Warning — The tutorial will currently only work for the HELM Classic leaderboard. Other leaderboards are not yet supported.

Download HELM leaderboard results

First, in order to compare your model to the latest and greatest models found in the HELM Classic leaderboard, use the following command to obtain a zip file of all previous HELM Classic results

export LEADERBOARD_VERSION=v0.3.0

Downloaded, expand the file into HELMs results dir:

curl -O https://storage.googleapis.com/crfm-helm-public/benchmark_output/archives/$LEADERBOARD_VERSION/run_stats.zip &&\
mkdir -p benchmark_output/runs/$LEADERBOARD_VERSION && unzip run_stats.zip -d benchmark_output/runs/$LEADERBOARD_VERSION

Now that the files are in your results directory, all HELM models will be shown in your UI along with your model.

Run Efficient-HELM

According to Efficient Benchmarking (of Language Models) a paper from IBM Research, which systematically analysed benchmark design choices using the HELM benchmark as an example, one can run the HELM benchmark with a fraction of the examples and still get a reliable estimation of a full run (Perlitz et al., 2023).
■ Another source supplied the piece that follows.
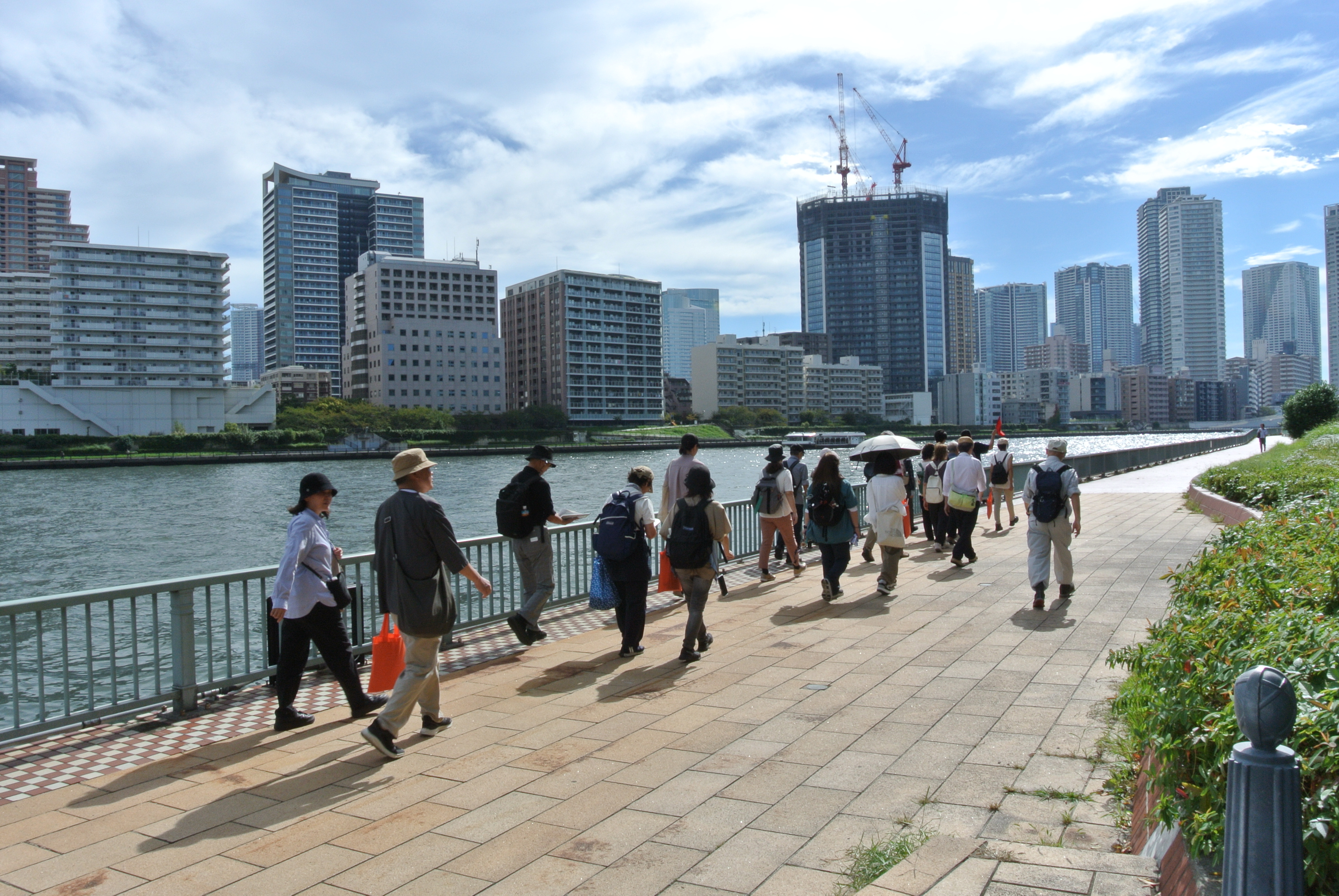 「川を歩こう(隅田川コース)」では、隅田川により親しんでいただくため、川沿いを歩きながら川の様子や歴史、川づくりなどについて解説します。 行事の前半では、水上バスに乗って、川からまちを眺めていただきます。日ごろ何気なく眺めている川をより身近に感じることができるイベントです。

Specifically, the authors calculated the CI 95% of Rank Location from the real ranks as a function of the number of examples used per scenario and came up with the following tradeoffs¹:

Examples Per Scenario	CI 95% of Rank Location	Compute saved
10	±5	X400
20	±4	X200
50	±3	X80
200	±2	X20
1000	±1	X4
All	±1	X1

Choose your point on your tradeoff, how accurate do you need your rank? how much time do you want to wait? Once you have chosen, download the config and define your model

export EXAMPLES_PER_SCENARIO=10 && \
export MODEL_TO_RUN=openai/gpt2

That’s it, run the following to get the config file:

wget https://raw.githubusercontent.com/stanford-crfm/helm/main/src/helm/benchmark/presentation/run_entries_core_scenarios_$EXAMPLES_PER_SCENARIO.conf -O run_entries_$EXAMPLES_PER_SCENARIO.conf

and this one to run the benchmark (will take some time in the first time since all the data has to be prepared):

helm-run \
--conf-paths run_entries_$EXAMPLES_PER_SCENARIO.conf \
--suite $LEADERBOARD_VERSION \
--max-eval-instances $EXAMPLES_PER_SCENARIO \
--models-to-run $MODEL_TO_RUN \
--cache-instances \
--num-train-trials 1 \
--skip-completed-runs

This will take some time the first time running since all the data (regardless of the number of examples chosen) is downloaded and prepared.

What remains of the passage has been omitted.